**What you should do:** Could you print the stretch of lines below from the one with "Visit this articleThis" through the one with "may stain clothes.】", exactly as they stand and without any pictures?

**Input material:**
═══

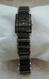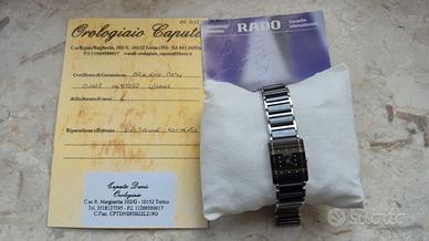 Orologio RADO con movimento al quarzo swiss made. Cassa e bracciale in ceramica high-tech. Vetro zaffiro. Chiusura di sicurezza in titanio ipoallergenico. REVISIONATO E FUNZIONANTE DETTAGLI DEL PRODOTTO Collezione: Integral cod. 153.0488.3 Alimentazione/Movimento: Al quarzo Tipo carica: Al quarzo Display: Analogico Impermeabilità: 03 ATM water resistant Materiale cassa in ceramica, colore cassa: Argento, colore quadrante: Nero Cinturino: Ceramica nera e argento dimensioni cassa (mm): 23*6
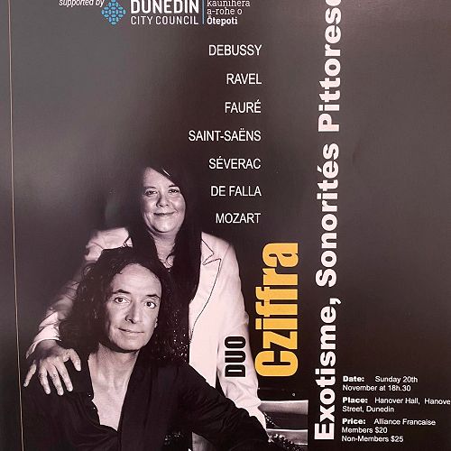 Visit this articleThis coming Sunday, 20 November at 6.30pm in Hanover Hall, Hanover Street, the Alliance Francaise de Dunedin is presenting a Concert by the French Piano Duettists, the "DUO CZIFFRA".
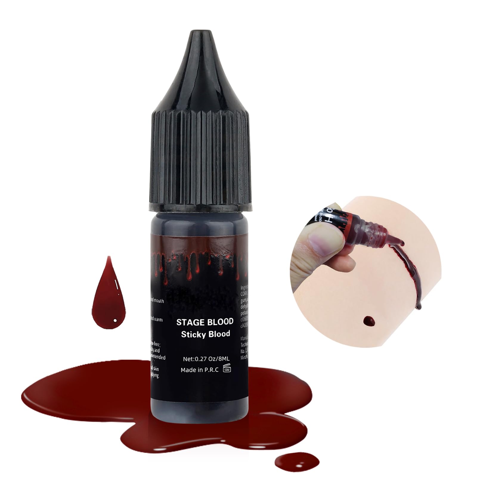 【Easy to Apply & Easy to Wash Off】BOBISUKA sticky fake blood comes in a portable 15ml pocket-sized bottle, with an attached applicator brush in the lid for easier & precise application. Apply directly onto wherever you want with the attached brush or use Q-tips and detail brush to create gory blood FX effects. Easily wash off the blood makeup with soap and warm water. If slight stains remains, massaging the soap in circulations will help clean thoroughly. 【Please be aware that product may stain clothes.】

═══

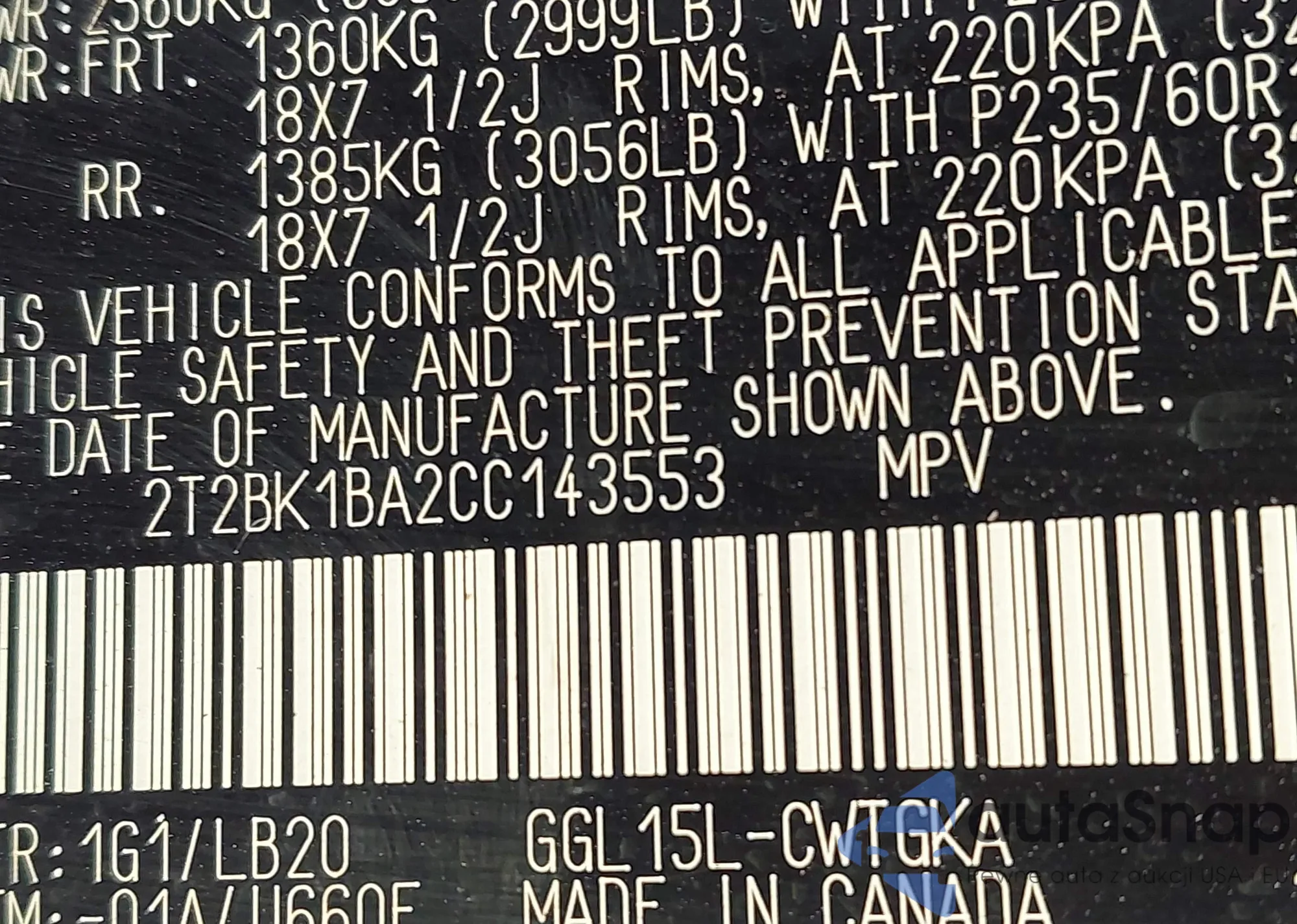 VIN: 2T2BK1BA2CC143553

═══

**Reply to the exercise:**
 Visit this articleThis coming Sunday, 20 November at 6.30pm in Hanover Hall, Hanover Street, the Alliance Francaise de Dunedin is presenting a Concert by the French Piano Duettists, the "DUO CZIFFRA".
 【Easy to Apply & Easy to Wash Off】BOBISUKA sticky fake blood comes in a portable 15ml pocket-sized bottle, with an attached applicator brush in the lid for easier & precise application. Apply directly onto wherever you want with the attached brush or use Q-tips and detail brush to create gory blood FX effects. Easily wash off the blood makeup with soap and warm water. If slight stains remains, massaging the soap in circulations will help clean thoroughly. 【Please be aware that product may stain clothes.】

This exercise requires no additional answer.